HOW TO COMPLETE THIS TASK. Reproduce the lines below exactly, from the one containing "BALIKESİR'in Bandırma ilçesinde, polisin" through the one containing "打開入戶門,就會(huì)看", both included. Leave out any pictures.

RECORDS TO PROCESS.
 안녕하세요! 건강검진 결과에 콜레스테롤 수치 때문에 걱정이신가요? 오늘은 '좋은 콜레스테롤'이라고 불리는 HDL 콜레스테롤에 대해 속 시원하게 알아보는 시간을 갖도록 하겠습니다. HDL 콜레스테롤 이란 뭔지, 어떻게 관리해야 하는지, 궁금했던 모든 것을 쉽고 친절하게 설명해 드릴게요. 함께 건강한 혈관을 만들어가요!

---

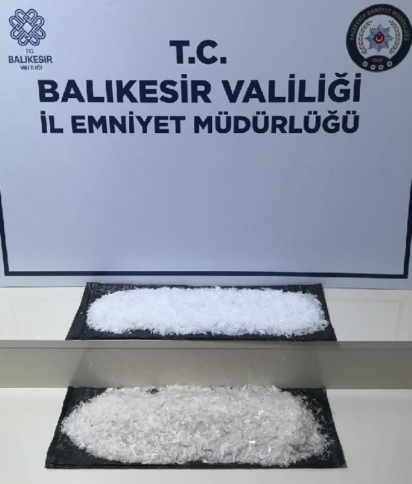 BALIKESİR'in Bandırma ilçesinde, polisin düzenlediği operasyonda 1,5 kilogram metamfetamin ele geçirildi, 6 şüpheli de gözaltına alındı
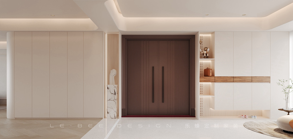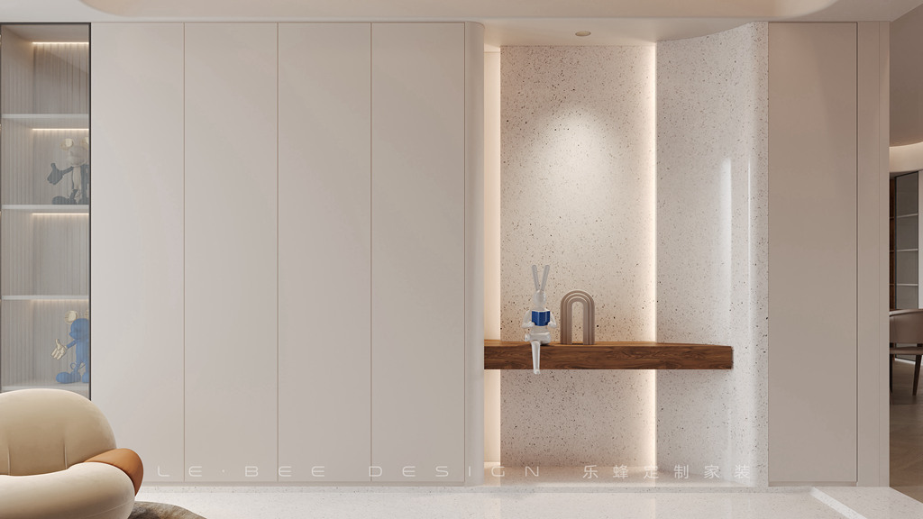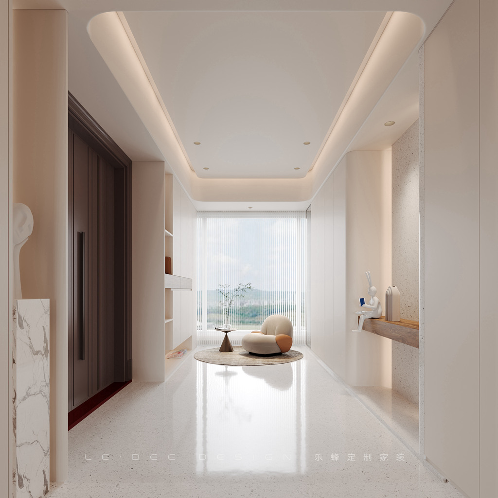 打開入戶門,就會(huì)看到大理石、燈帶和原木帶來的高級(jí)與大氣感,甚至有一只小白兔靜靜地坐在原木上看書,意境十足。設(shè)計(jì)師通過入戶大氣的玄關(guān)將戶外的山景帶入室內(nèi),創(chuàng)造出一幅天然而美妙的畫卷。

...

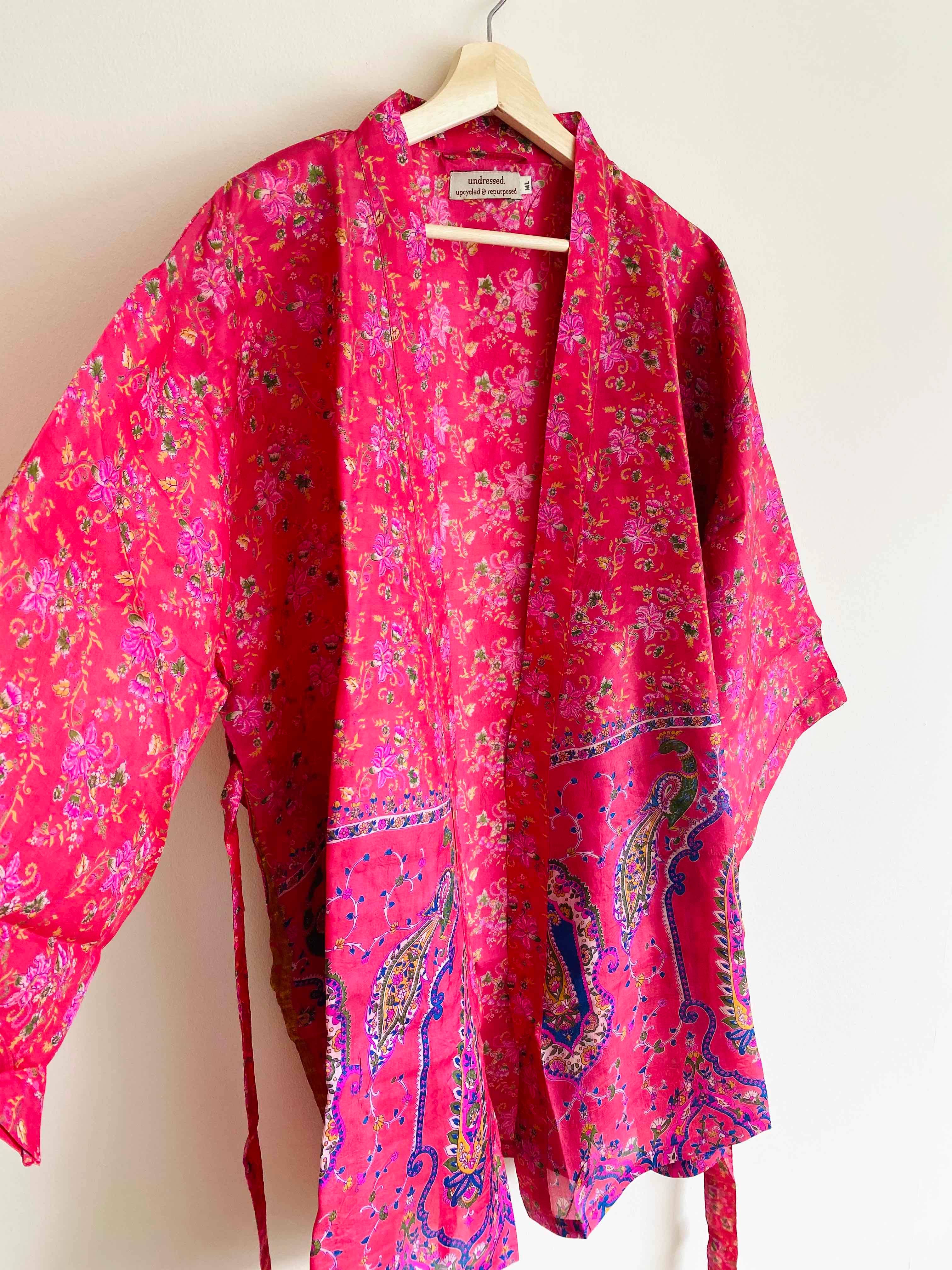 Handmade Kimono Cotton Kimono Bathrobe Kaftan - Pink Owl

YOUR SOLUTION.
 BALIKESİR'in Bandırma ilçesinde, polisin düzenlediği operasyonda 1,5 kilogram metamfetamin ele geçirildi, 6 şüpheli de gözaltına alındı
 打開入戶門,就會(huì)看到大理石、燈帶和原木帶來的高級(jí)與大氣感,甚至有一只小白兔靜靜地坐在原木上看書,意境十足。設(shè)計(jì)師通過入戶大氣的玄關(guān)將戶外的山景帶入室內(nèi),創(chuàng)造出一幅天然而美妙的畫卷。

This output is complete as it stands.